I have a friend who never locks his doors. I won't disclose anymore information but the fact that he doesn't think about doing a small thing like locking doors is almost a culture shock to me. Growing up in my usual neighborhoods, it's the first thing you do and the last thing you check to make sure that you locked the doors. I remember seeing a news segment where they left a car out on a bad side of town with the doors locked. For about two days, no one touched the car. But the next day, the door was unlocked and maybe a window rolled down half-way. Within a day or two that car was stripped naked like that one Demi Moore movie. That's like an unwritten rule in poverty-ridden neighborhoods. You lock everything and keep a close eye out on your belongings. You never leave behind anything on a table or open window sill unless you want to buy it back from Hustle Man (referencing to Tracy Morgan's character on Martin).
Which brings me to my next point. While I'm here in the nice part of town, and going to a fairly safe and decent University, people leave their ish EVERYWHERE. As of the current moment, I'm sitting at the school restaurant and popular studying area. Students always leave their bags and belongings on an empty table to go to the bathroom outside of the restaurant and sickeningly away from sight. A few minutes ago, some chick left all her books and bags to do whatever in the table right in front of me. Looking at the other people around, no one would have given me a second look had I decided to grab all of her stuff, sell her books to the bookstore and maybe strike gold to find a laptop in her bag. It's just a habit over here to not be so cautious nor anal about your belongings. I do not leave my stuff on a table unless I have a perfectly clear view of it from wherever I need to go. I'll make that extra effort to carry the extra weight over my shoulder just so I don't have to take the risk. Seriously, if I was still going through that whole "stealing impulse" phase, I'd have a lot more stuff to sell on EBay.

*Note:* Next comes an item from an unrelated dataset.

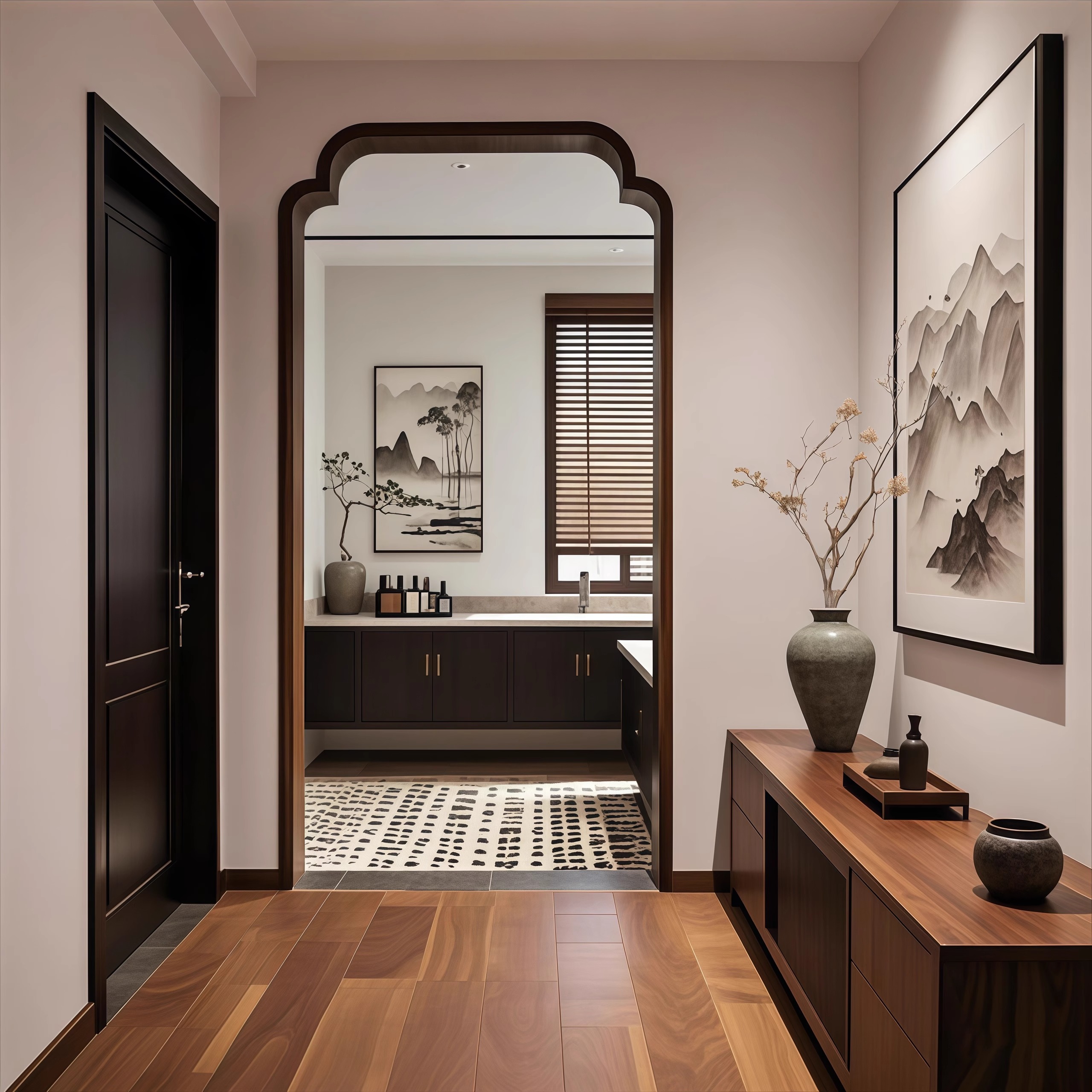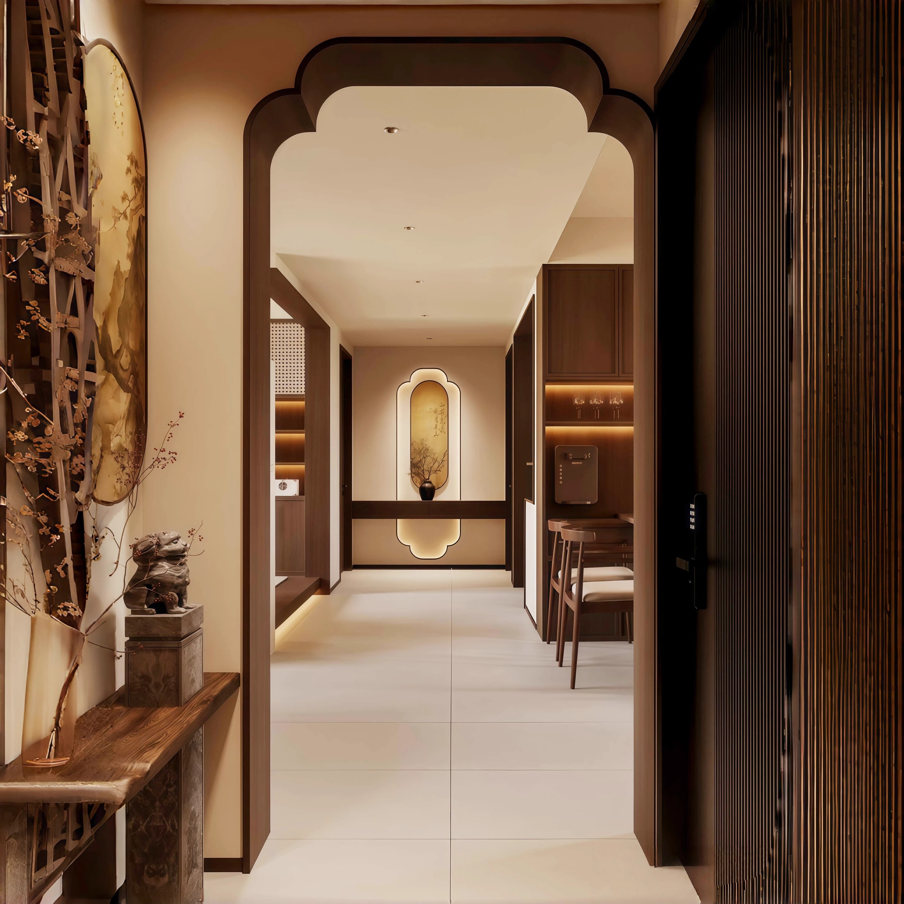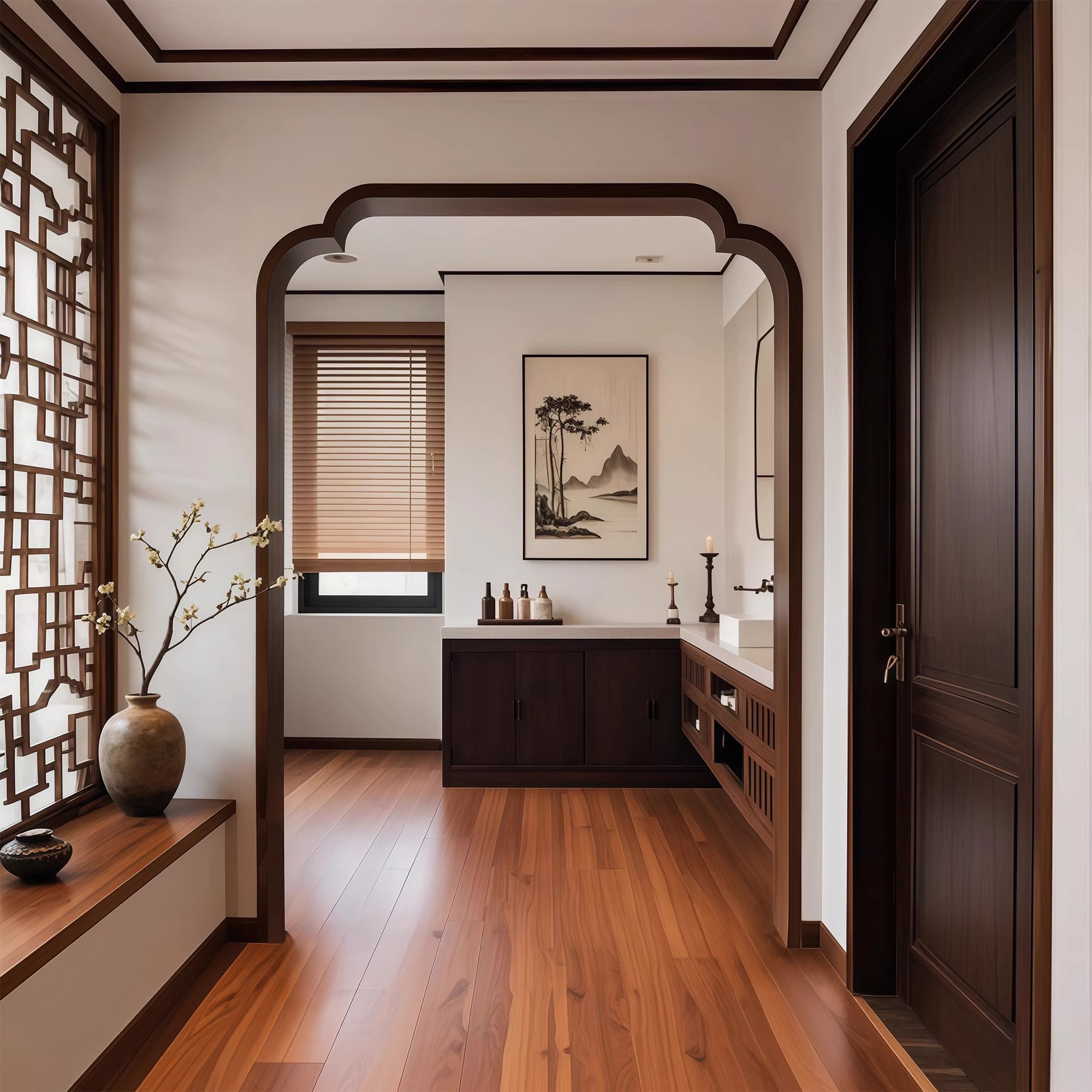 宋氏美学垭口包套线条新中式实木海棠小轩窗框玄关客厅隔断装饰

But I'm not trying to make fun of the people who grew up here in the nice part of town. Why should they take the extra precaution and lock their doors? These areas are safe so it's not that big of a deal. I understand that and I find myself being a lot less cautious these days. My guard is lowered and yet I hope to never fully let it down when it comes to my shizzle. It's all a matter of habit. It's been my habit to watch over my stuff and safeguard it. I grew up around people with quick hands so it's just in me to keep my stuff with me. It's some sort of environmental factor that gives me this cautious and "watchful eye" thoughtfulness. Maybe it's a nature vs. nurture concept that although I always feel safe when I'm at home or with family, I don't trust any public establishment enough to leave my stuff behind.

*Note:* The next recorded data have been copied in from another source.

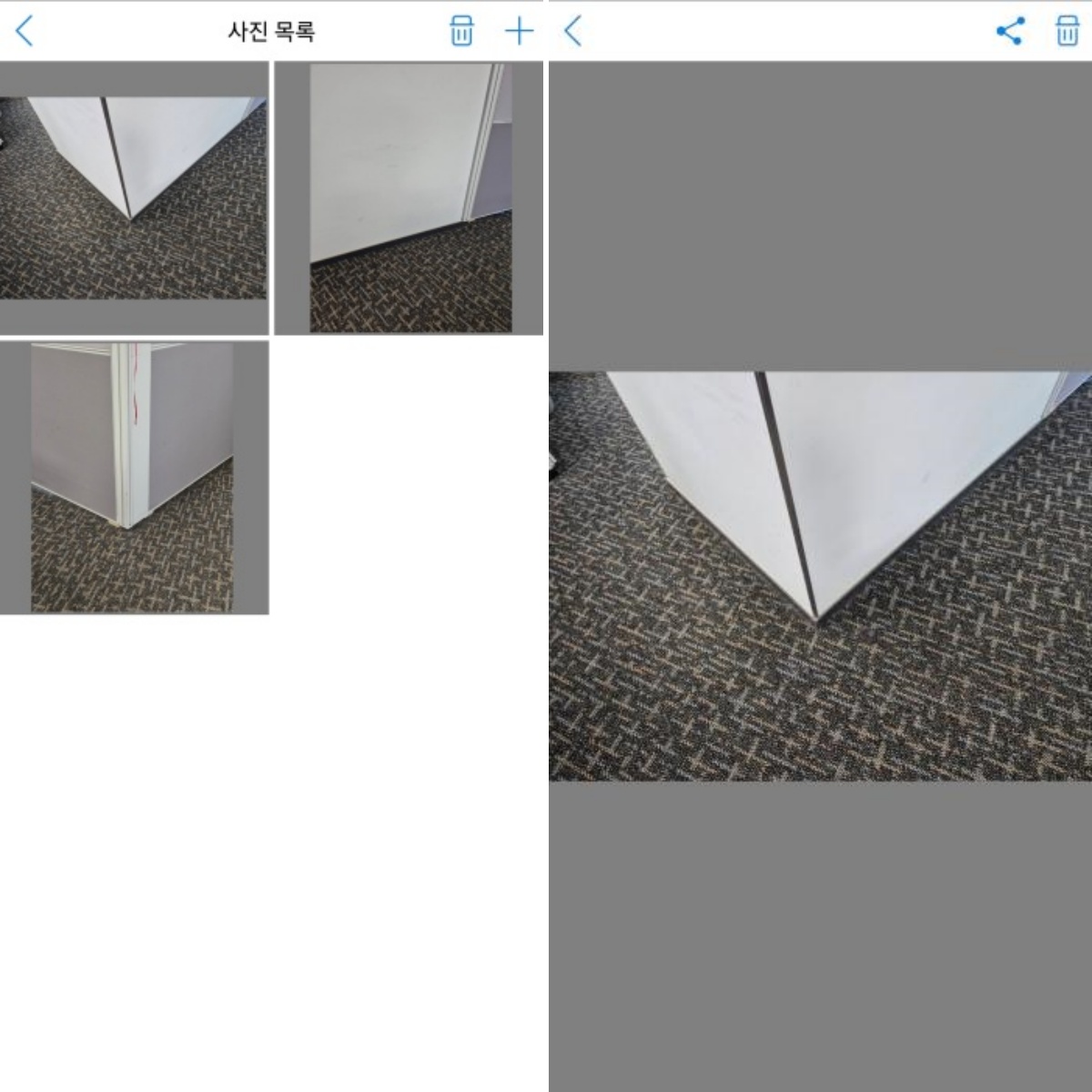 카메라 아이콘을 누르면 사진 목록이 나오고 사진을 자세히 확인할 수 있습니다.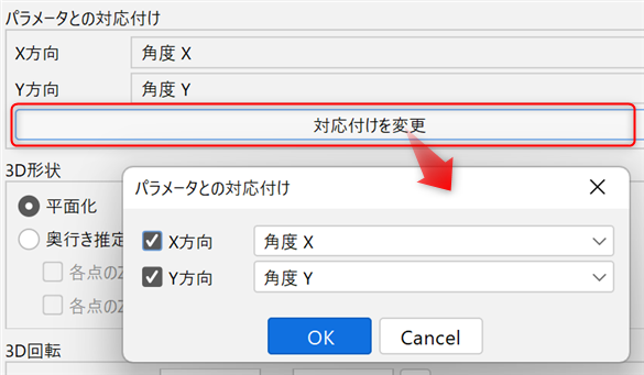 [파라미터와의 매칭]에서 X방향, Y방향으로 회전시키기 위한 파라미터를 지정합니다.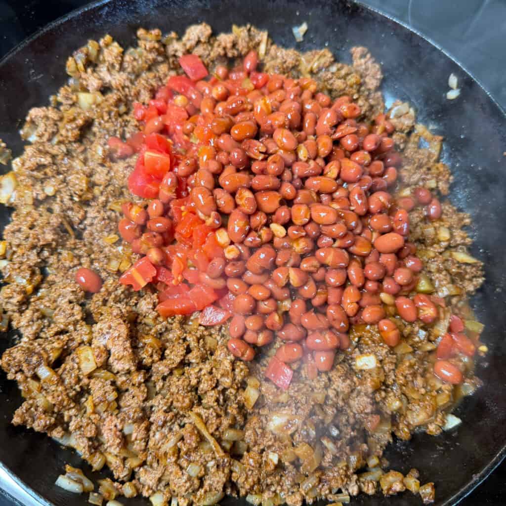 - Heat a large skillet over medium-high heat and brown 1 lb of ground beef with a chopped onion. Season with Chili seasoning. You can use a chili seasoning packet or the seasoning blend I have listed. Stir everything together well. Once the beef is fully cooked, drain any extra grease from the skillet.

I know I'm not the only one who finds this funny yet saddening at the same time. The fact that there are extreme differences between two separate towns in the same EFFIN' American state (if not the same American city) gives me the idea that there is still a lot of segregation and socioeconomic separation in this great country. The fact that I experienced what could be equivalent to "culture shock", not in terms of different ethnicities but in terms of different sides of the poverty line, in the same fussin' land of the free suggests to me that we're a long ways from equality. So this blog is not simply a matter of environment, it's almost a testament to the sad truth that there are still tragic class issues in this very modern and well-developed nation. I'm not being political at all, I'm being more than that. I'm being realistic and observant. I'm not trying to be pessimistic, I'm just trying to say "damn, there's still a lot of work left to be done".
So, damn, there's still a lot of work left to be done.